A ideia, portanto, é de sequestro. De fato, na Independência, temos quatro grandes sequestros. O primeiro deles foi o protagonismo do Imperador. O segundo deles é um sequestro paulista. Em 1922, São Paulo reinaugura o Museu do Ipiranga, refaz a mística sobre a tela de Pedro Américo e passa a dizer que não foi uma coincidência que a independência ocorreu em São Paulo. Ela ocorreu, segundo eles, em São Paulo por conta da índole dos paulistas, que levam à frente a nação. Portanto, esse é mais um sequestro.

Quais os outros?

Em 1972, ocorre mais um sequestro, desta vez pela ditadura militar. Estamos no auge do momento mais duro e ela, diante dos sequestros reais de pessoas e crise, resolve festejar de forma intensa a independência. O regime faz um intenso programa, que se parece muito o de Jair Bolsonaro hoje. Patrocina o filme "Independência ou Morte" e resolve trazer os corpos de Dom Pedro 1º e Dona Maria Leopoldina, que estão no Porto. Com um detalhe: o corpo de Dom Pedro chega, mas não cabe na lápide. É a necropolítica.

Mas, além disso, o regime militar sequestra a festa. Até então, a data tinha um desfile militar. Mas era uma festa civil, com desfiles de escolas, escoteiros e até pessoas com roupas típicas. A partir daquele momento, a festa é sequestrada pelos militares e Dom Pedro vira um chefe militar que precisa dar um golpe da legalidade.

E qual o quarto golpe?

É o de Jair Bolsonaro. Ele usa a tela de Pedro Américo, usa Dom Pedro como se fosse um militar. No lugar de trazer corpos, ele vai trazer o coração de Dom Pedro, mantido por testamento na cidade do Porto.

Bolsonaro, no dia 7 de setembro de 2021, ligou uma espécie de despertador do golpe. Ele anunciou o golpe. Desde então, ele passou a estar associado ao 7 de setembro. Ele fez um plano, um projeto dessa história patriótica. Ele tenta ser retratado como um príncipe, que é obrigado e tem um fardo de ir contra o Tribunal Superior Eleitoral e o Supremo Tribunal Federal para restituir a soberania nacional, que está ameaçada pelo comunismo, pelas pessoas que não têm pátria ou religião.

Ele está se colocando na mesma posição de Dom Pedro. Bolsonaro não tem só sequestrado a bandeira nacional e a camisa da seleção, mas os conceitos da democracia, e invertido seu sentido. É sequestro ainda mais profundo. Na comemoração de Bolsonaro, só há um desfile militar. Não há uma festa civil. E a liberdade deve ser uma questão de todos nós.

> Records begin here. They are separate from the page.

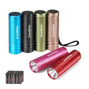 EverBrite 6-pack Mini LED Flashlight Set, Aluminum LED Handheld Torches with Lanyard, 18AAA Batteries included, for Kids Gift, Party Favor, Camping, Night Reading
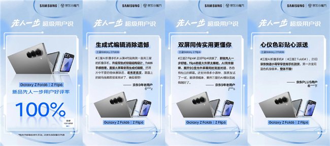 7月24日,三星Galaxy Z Fold6和三星Galaxy Z Flip6正式开售,来京东APP查找“三星 先人一步”即可进入页面下单 。此前不少消费者 参加了京东联合三星打造的“ 先人一步” 方案,在7月10日21:20尝鲜抢购,享受到7月20日优先发货的 权力 。其中 部分消费者在7月20日就收到了新机,第一 工夫为产品给出了评介 。截至7月23日,京东“ 先人一步”消费者为三星Galaxy Z Fold6和三星Galaxy Z Flip6给出了100%的好评率,为产品性能体验点赞,也对京东“ 先人一步”的送达速度给出了好评 。提前 动手新机的消费者 示意“Fold6手感倍增,直接大屏幕 使用生成式编辑,填充更 实在”、“Flip6超大外屏太棒啦”、“20日京东快递小哥早早告知手机到货” 。
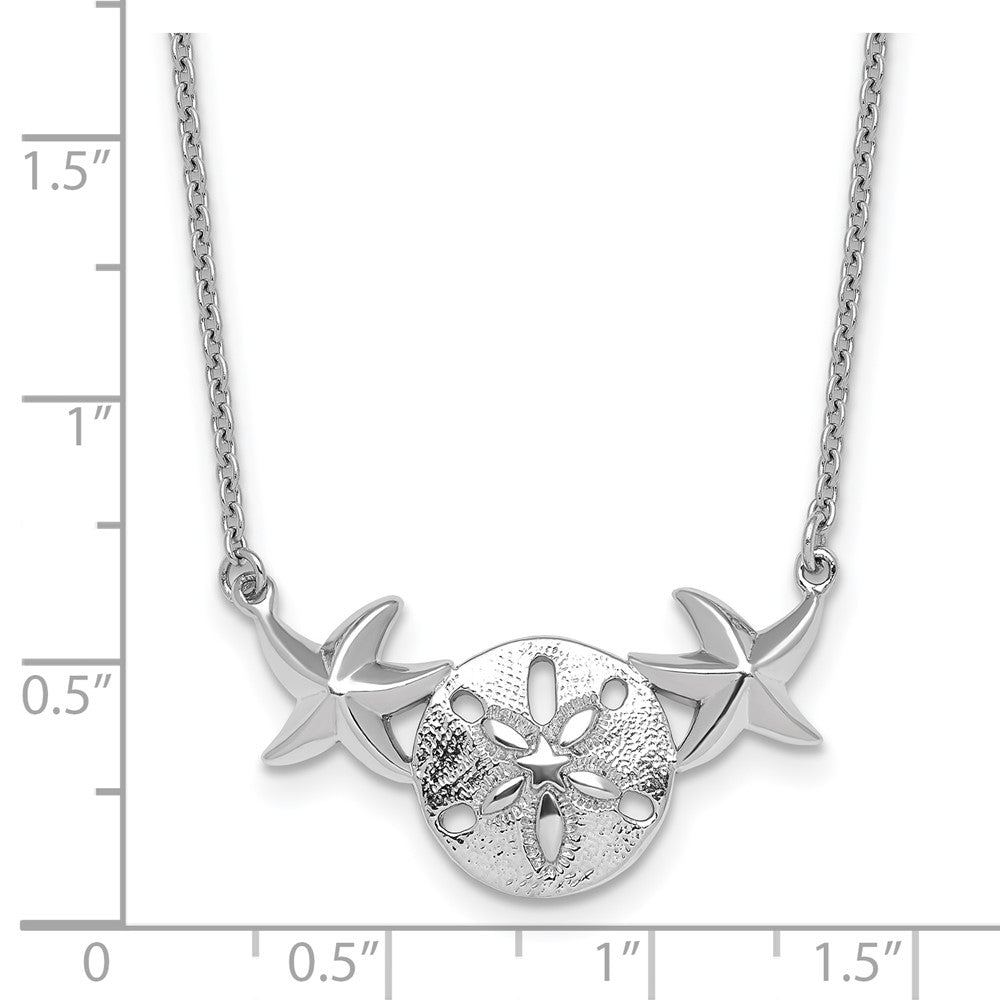Sterling Silver Rhodium-Plated Polished Sand Dollar and Starfish 16. with a extention Necklace
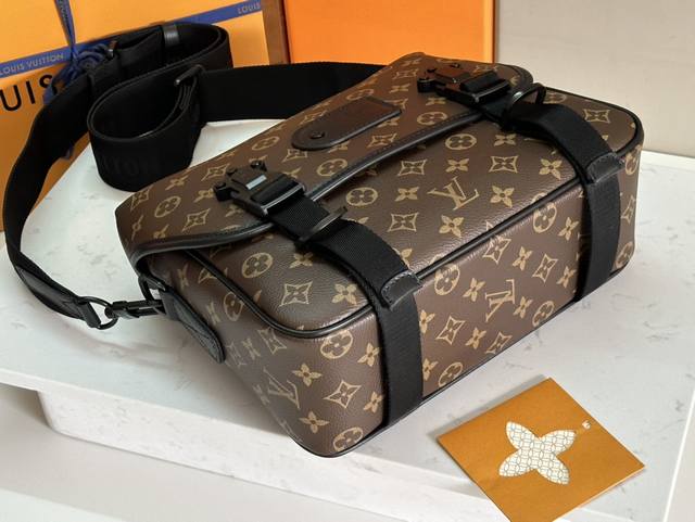 Top original development, all-steel hardware This Lv Trail messenger bag draws inspiration from brand elements, integrating the logo shoulder strap and hardbox style quick-release buckle into the classic Monogram Macassar canvas, which can be changed at will. Ample space for storing personal items. Monogram Macassar coated canvas-cowhide leather trim-fabric lining-metal parts-flap with quick-release buckle-spacious main compartment-inner pocket-shoulder strap: detachable and adjustable! ! Model: M46972; Size: 31X22X11Cm
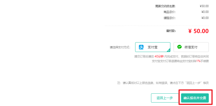 注意:使用支付宝支付订单,如之后退费将由支付宝扣除1%手续费。
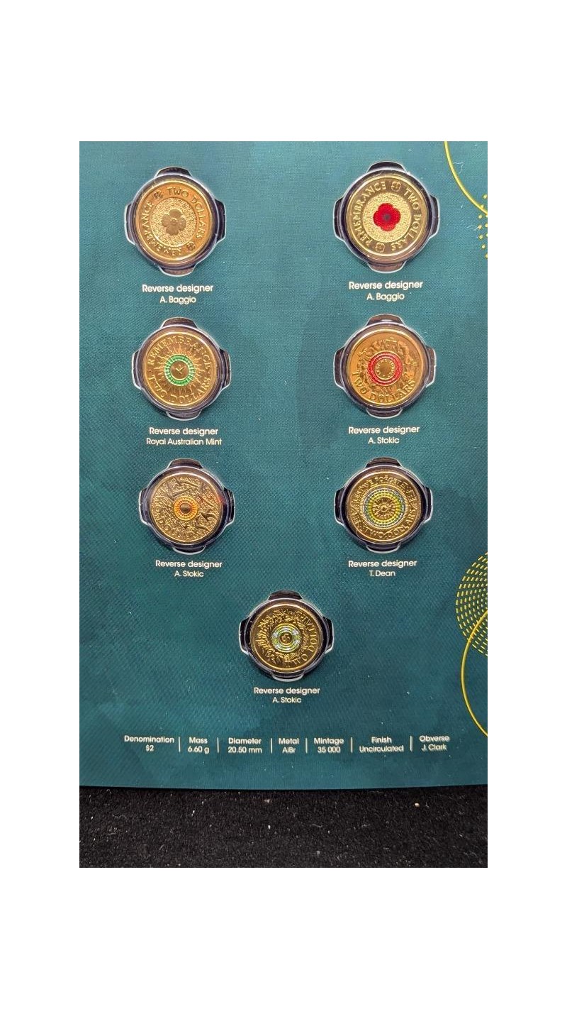 ROYAL AUSTRALIAN MINT 2023 FOURTEEN $2 COLOURED COIN COLLECTION INCLUDING RED POPPY.
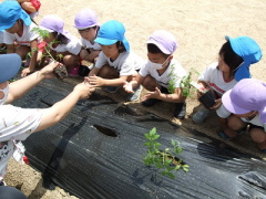 例年通り、今年も畑でお芋を作ります!子どもたちが一つ一つ丁寧に植えてくれました。今年もたくさんのお芋ができるかな♬
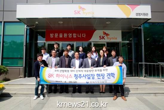 충북지방조달청(청장 이기헌·앞줄 왼족 4번째)은 28일 SK 하이닉스 청주사업장을 방문했다. 이번 방문은 4차 산업혁명 대비 선제적 대응방안을 모색하고 직원 역량강화를 위해 마련됐다.
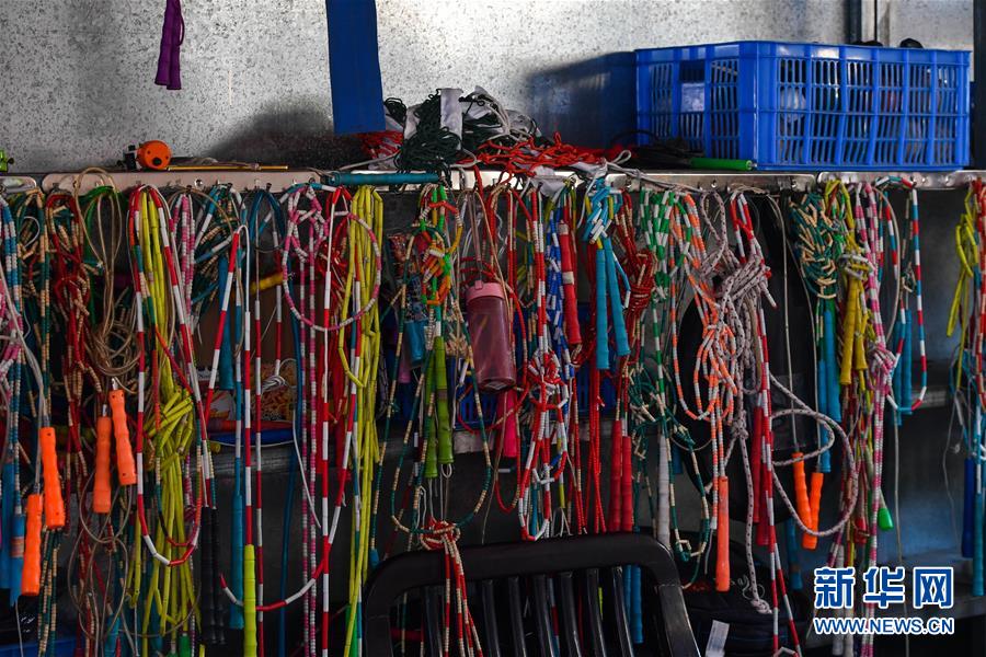 跳繩運動已經(jīng)深深融入七星小學(xué)的日常,器材室里擺放的跳繩(2019年11月18日攝)。新華社記者劉大偉攝
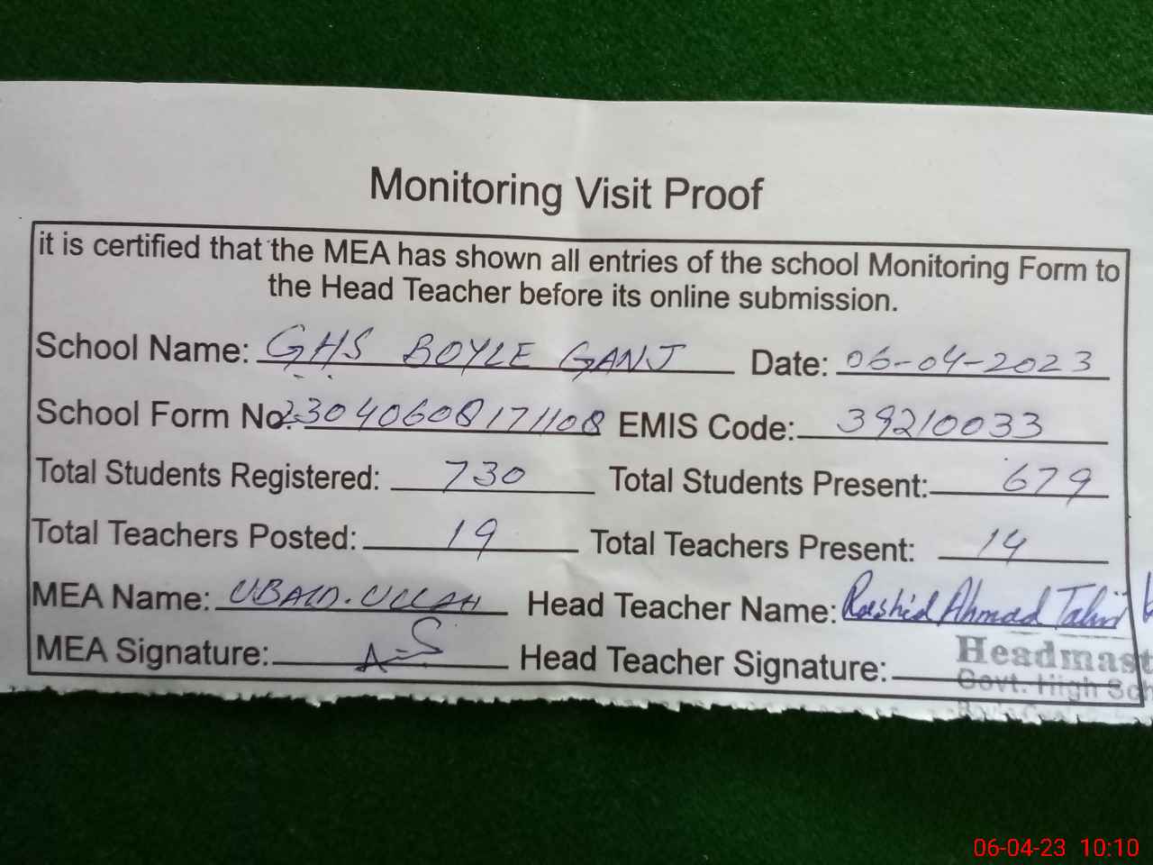 | EMIS Code: 39210033 | Name of School: GHS BOYLE GANJ | |||
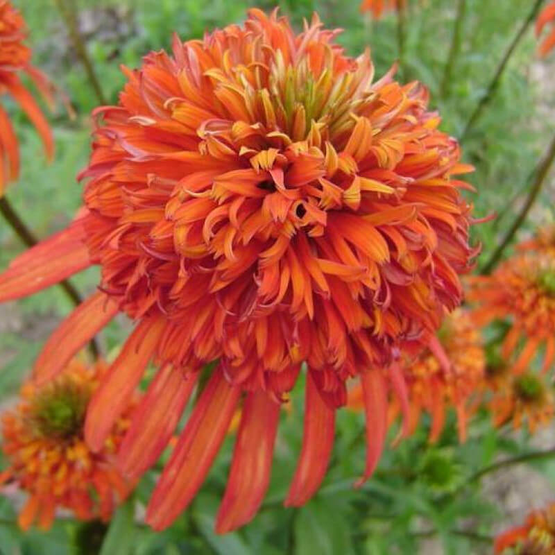 Эхинацея пурпурная Саммер Сальса (Summer Salsa), поселившись в вашем саду, подарит цветнику длительное и яркое цветение. На цветоносах, высотой 90 сантиметров, с июня по сентябрь раскрываются крупные густомахровые соцветия. Их цвет насыщенный, оранжевый, с жёлтыми всполохами. Лепестки имеют зубчатые кончики и слегка завиваются, отчего эффект махровости только усиливается. На ярком солнце окраска бутонов не выгорает. В букете Эхинацея пурпурная Саммер Сальса сохраняет свежесть более недели. Эхинацея очень неприхотлива, она требует от садовода лишь полива в жару и удаления отцветших бутонов.
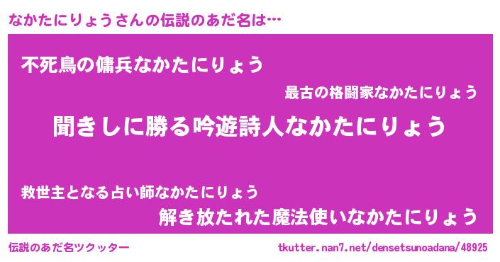 | 意味不明あだ名 | 『永久保存なかたにりょう』 |
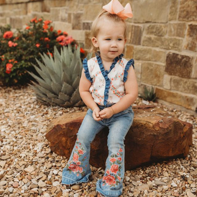 Floral Boot Flare Denim Jeans, (2T-5T)
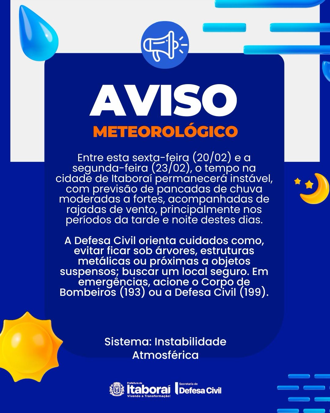 A Prefeitura de Itaboraí, por meio da Secretaria Municipal de Defesa Civil, informa que, entre esta sexta-feira (20/02) e a próxima segunda-feira (23/02), o município deverá registrar instabilidade atmosférica, com previsão de pancadas de chuva moderadas a fortes, acompanhadas de rajadas de vento.

Como a narrativa oficial soterrou os demais fatos que nos levaram à Independência?

Nossa história é muito colonial e muito masculina. Fomos construindo essa lenda sobre um país pacífico, harmonioso e que incide sobre vários mitos nacionais. E também sobre a Independência. Como é que viramos essa anomalia americana de ser uma monarquia cercada por repúblicas em todos os lados? Só conseguimos isso a partir de um golpe das elites. Elas pretendiam manter o status quo e a grande propriedade. E queriam preservar a escravidão.

Com isso, foi abafada uma série de outros protagonistas. Mulheres, negros e indígenas, além de fatos em outras regiões do Brasil. Fatos que não combinam com a lenda harmoniosa do país. O Maranhão apenas aceitou a Independência em 1825, a Bahia não comemora a data no mesmo dia. Recife não aceita o pacto do Sudeste. Essa, portanto, é uma história construída.

O 7 de Setembro, no fundo, era a única data possível. Sabemos que a história é um processo. A data do 7 de setembro não é um evento que da conta de toda a independência.